Harmonic Cupid Matching

From the male perspective, online dating is a completely different game.  In the predatory barroom setting typically the male has the dominant role of hunter,… or so I’ve heard.  In my lifetime I’ve probably engaged in this sort of bar scene drama less than a dozen times back in college and even that was under duress because friends and roommates, driven by alcoholic delusion, were convinced that their boyish charm would score them some dance floor groping if not a full-fledged one night stand.  And since misery loves company I came along for the ride and was therefore blessed with the opportunity to bear witness to their drunken failure and inevitable shame.  But despite me and my friends’ lack of success I was able to observe how the game should play out by individuals more dedicated to the craft. The perfectly puffed up male swaggers confidently over to well-positioned and well-manicured female and engages in some level of inane small talk for the sole purpose of stalling for time while they mutually assess their sexual attraction; the woman evaluates his potential as a lover, a provider, and his ability to make her friends jealous while the man evaluates if she’s at that alcoholic sweet spot safely between “willing” and “passed out”.

Ok honestly, what do I know?  I just admitted very little experience with this whole process so maybe I’m just jaded and there really is some soul-searching being exchanged out on the floor.  My point, though, is that the role of the male in these situations is still very clear, regardless of the depth of conversation or the sexual end game.  When this moved into the online dating realm the gender roles remained the same.  Everyone fills out the same profile information, posts the same self-portraits in the bathroom, and pads their preferences with the same white lies – guys pretend to not be couch potatoes, gals pretend to be really in to sports, and everyone pretends to enjoy marathons.   But after all that it’s typically the guy that initiates the first contact.  For the woman this plays out with them receiving a stack of invitations from a variety of suitors from which she can choose one or simply ignore the lot.  For the man this plays out with them firing off introductions in a shotgun pattern hoping that something will hit and trigger a random spark.  Sure you can spend all your time combing through profiles hunting for your perfect woman, but chances are a dozen other Romeo’s before you have already filled up her inbox with the same attempts at witty banter and romantic propositions that you were so proud of just moments before.  After a week of the virtual cobwebs you realize that your perfect woman, who the site promised was a 92% match with you, is not going to be writing you back much less bear your children or share matching rocking chairs on the porch of the retirement facility.  “Ok”, you think, “how about this one, she’s an 88% match?!”  This process continues until you find yourself, late one Saturday night, after one too many rum and cokes, writing to a 65% match that is 10 years, 80 pounds and 120 miles outside of your acceptable range, then waking up the next morning with a hangover and a vague recollection of the romantic promises you made to this mystery woman only to reach the sad realization that she too has chosen not to respond.

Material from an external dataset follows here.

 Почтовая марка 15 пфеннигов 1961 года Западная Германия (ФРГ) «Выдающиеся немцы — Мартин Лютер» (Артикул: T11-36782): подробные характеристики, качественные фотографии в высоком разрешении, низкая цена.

Having exhausted my pool of prospects in this manner I start to consider perhaps it’s not me (of course, how could it be); perhaps I’m just not on the right site!  In this age of online dating the variety of sites that has cropped up is staggering.  Now days I can sign up for a specific site based on my age, race, religion, occupation (at least if I’m a farmer) or even my chemical composition.  This all sounds like a fantastic idea until you consider that any restrictive classification only further limits the pool of available prospects.  Think about it; you can fill out as many questionnaires as you like detailing your preferences and ideal qualities but if there are only three 40+ year old, Jewish farmers in the Sacramento area how meaningful is any of that amassed information really going to be?  It’d be like if I walked up to a vending machine looking to score a package of peanut M&M’s only to have it spit out a bag of stale trail mix with carob chips because that was the closet match.  Did I benefit any from finding my own personal vending machine?  I could have stepped into Costco and ended up with the same bag of trail mix but at least I would have had more options for substitution.  I could have settled for a jumbo bag of Goobers,… like that night I had one too many rum and cokes.

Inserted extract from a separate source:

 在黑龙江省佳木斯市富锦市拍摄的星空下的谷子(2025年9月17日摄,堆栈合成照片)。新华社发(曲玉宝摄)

So am I bitter because the online dating world isn’t magically dispensing the girl of my dreams?  Wasn’t that subliminal marketing promise?  Isn’t it written somewhere in the cosmic small print that your efforts will be rewarded?   Ok, so maybe it is just me.  Maybe if Gerald Butler felt he needed online dating to meet the perfect woman he too would find a flooded inbox filled with provocative propositions.  Maybe that’s the part I’m bitter about.  Why can’t I lie down and be the proverbial prey for a while?  I want the woman to abandon the old fashion traditions and take some initiative damn it.  I did find one site that was basically the online equivalent of a Sadie Hawkins dance; it’s all about the woman being in control and initiating the selection process.   This sounds great in theory but doesn’t it come down to the same principle; woman having the ultimate power of selection over multiple suitors.  I guess the only real difference is I enter into the process accepting my passive role as the bag of Gooblers.

Either way I’m getting the impression that online dating is not the magical panacea I once thought it to be.  Just because we’ve transitioned to a virtual bar scene doesn’t make it any more glamorous or me any better suited to navigate it.